In this work [KS2024], we propose a randomized small-block Lanczos method for null space calculation, sketched as Algorithm 1. Compared to the task of low-rank approximation, there are two major differences. First, in low-rank approximation, the largest few singular values are usually unknown and, in most applications, they do not form tight large clusters. In the context of null spaces, the desired singular values form one large cluster of zeros. Second, while convergence to the relevant invariant subspace is not necessary for low-rank approximation, such convergence is imperative to obtain a good null space approximation.

Algorithm 1: Randomized small-block Lanczos for null space computations

Input: Matrix \(A\in \mathbb {R}^{m \times n}\) with \(m\geq n\) and \(N\) zero singular values. Block size \(d\). Perturbation parameter \(\epsilon >0\). Number of iterations \(\ell \).

Output: Orthonormal basis \(V\) approximating null space of \(A\).

Set \(B=A^{\mathsf {T}}A+\epsilon D\), with a diagonal matrix \(D\) having diagonal entries uniformly i.i.d. in \([0,1]\);

Draw a Gaussian random matrix \(\Omega \in \mathbb {R}^{n\times d}\);

Perform block Lanczos to compute the decomposition \(BZ_{\ell }=Z_{\ell }T_{\ell }+Q_{\ell +1}E_{\ell +1}\), where \(Z_{\ell }\) is an orthonormal basis of Krylov subspace \(\mathrm {span}\{\Omega ,B\Omega ,\dotsc ,B^{\ell -1}\Omega \}\) and \(T_{\ell }\) is block tridiagonal;

Compute an orthonormal basis \(V_{Z}\) for the invariant space of the \(N\) smallest eigenvalues of \(T_{\ell }\). return \(V=Z_{\ell }V_{Z}\);

In the theoretical part, we examine the impact of the random perturbation \(\epsilon D\). In particular, we present a new eigenvalue repulsion result for the perturbed zero eigenvalues of \(A^{\mathsf {T}}A\). At the same time, the perturbation incurs a limit on the attainable accuracy of the null space approximation, and we quantify this effect by a perturbation analysis.
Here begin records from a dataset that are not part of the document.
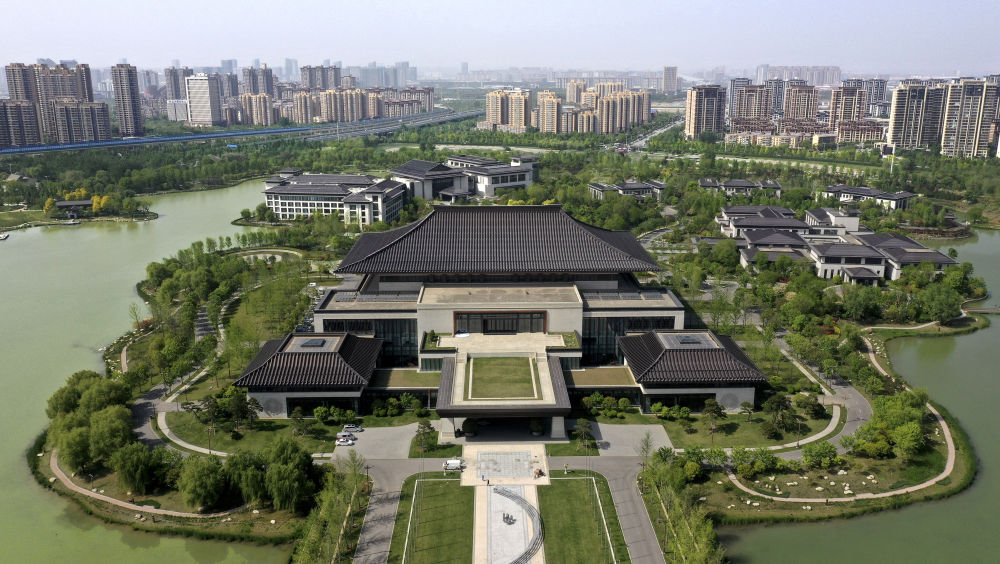 位于西安浐灞生態(tài)區(qū)的西安國際會議中心(4月16日攝,無人機照片)。新華社記者 劉瀟 攝
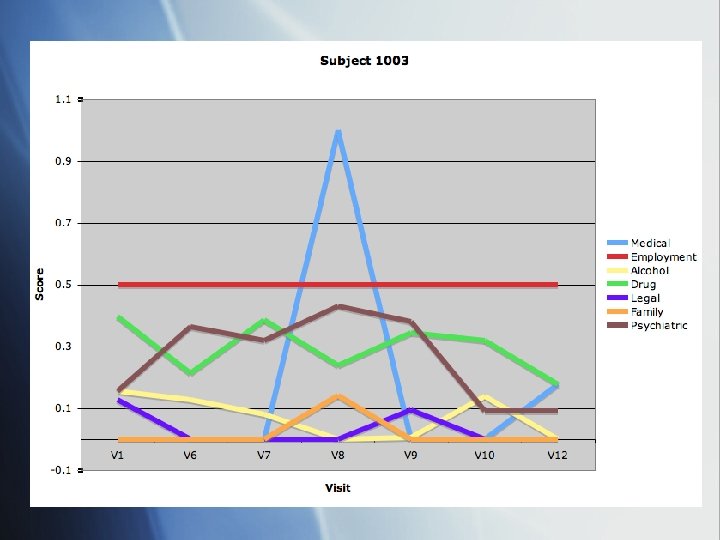 Subject 1003 § 25 yr old female § Problem substance: binge heroin use, prescribed methadone 20 mg/day, self prescribed hydrocodone 20 -300 mg/day, oxycodone 240 mg/day § M 1/V 6 reported relapse at 40 mg oxy/day § Increased opiate use, began methadone again
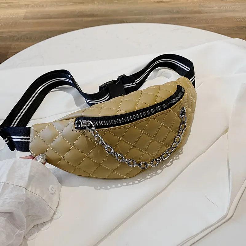 Description:Stay stylish and organized with this PU waist bag featuring solid embroidered thread design. Ideal for outdoor activities and sports.Features: Fashionable waist bag with chain strap Made of durable PU material Features embroidered thread and rhombic lattice design Perfect for carrying essentials during outdoor sports Adjustable strap for a comfortable...
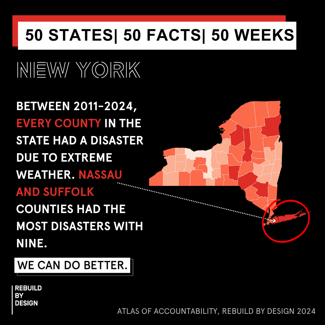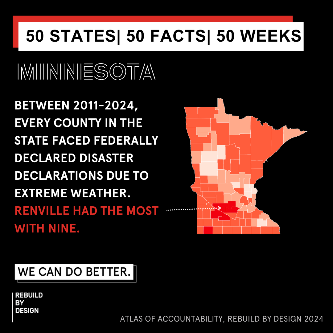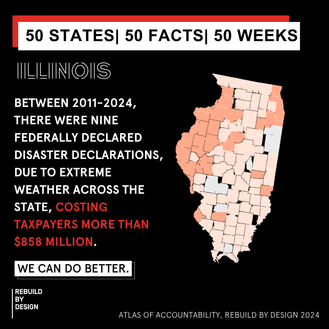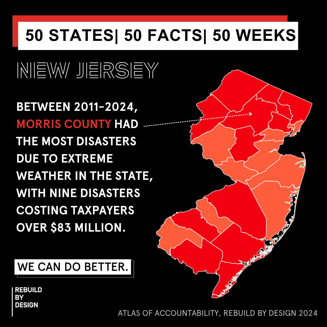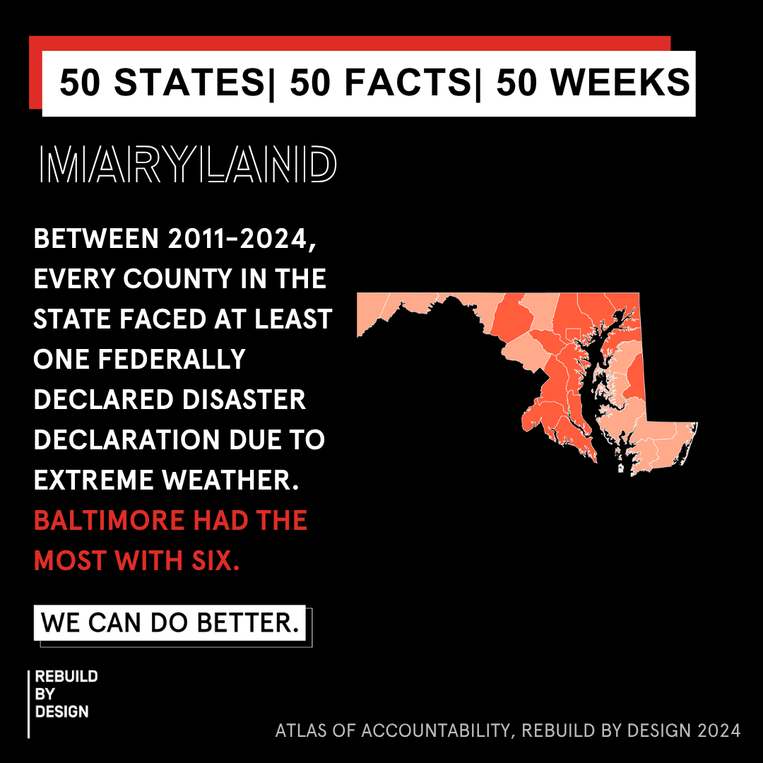 In 2024, Rebuild by Design launched the 50 States | 50 Facts | 50 Weeks social media campaign to bring national attention to the true scope of climate impacts in the United States. Each week, we shared data-driven graphics highlighting how every state has been affected by federally declared disasters—ranging from hurricanes to wildfires to extreme heat—and the billions in recovery costs paid by taxpayers.
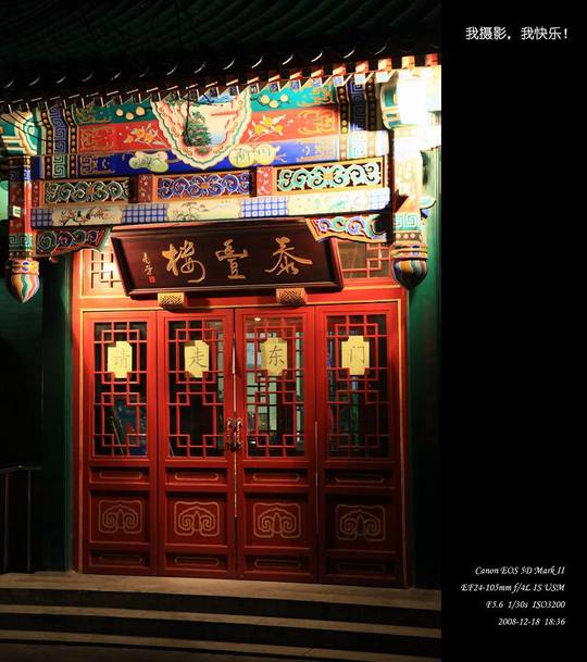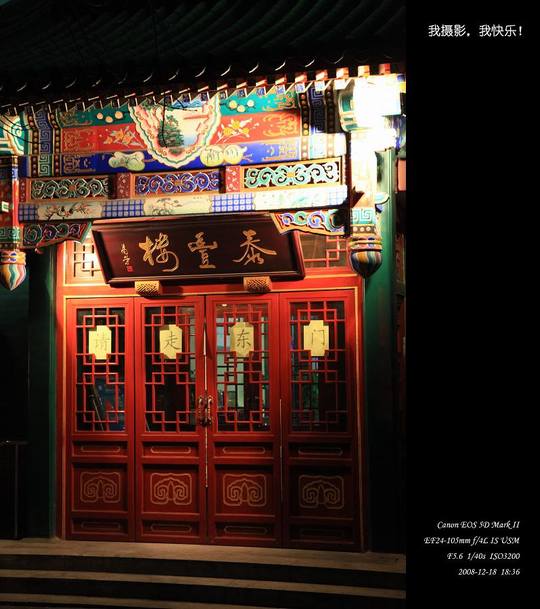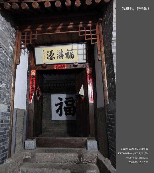 5D2套头、光圈f4、速度0.3秒、ISO3200、标准降噪、相机直出JPG,精细JPG画质、自动白平衡、手持拍摄。

For the single-vector case (\(d = 1\)), we achieve more refined results by analyzing the convergence of individual Ritz vectors and establish sharp bounds on the accuracy of the null space approximation.

In the numerical part, we incorporate several practical improvements, including preconditioning, restarting, and partial reorthogonalization, and provide various numerical results for applications such as the computation of connected graph components and cohomology. These numerical experiments not only validate our theoretical findings regarding the randomized single-vector Lanczos method but also highlight the eﬀiciency of the small-block Lanczos method. Notably, it highlights when our method is preferable compared to other null space solvers, particularly when the nullity is substantial and memory constraints are a limiting factor.

References

[KS2024] Daniel Kressner and Nian Shao. “A randomized small-block Lanczos method for large-scale null space computations.” arXiv preprint: 2407.04634.
[MMM2024] Meyer, Raphael, Cameron Musco, and Christopher Musco. “On the unreasonable effectiveness of single vector krylov methods for low-rank approximation.” Proceedings of the 2024 Annual ACM-SIAM Symposium on Discrete Algorithms (SODA).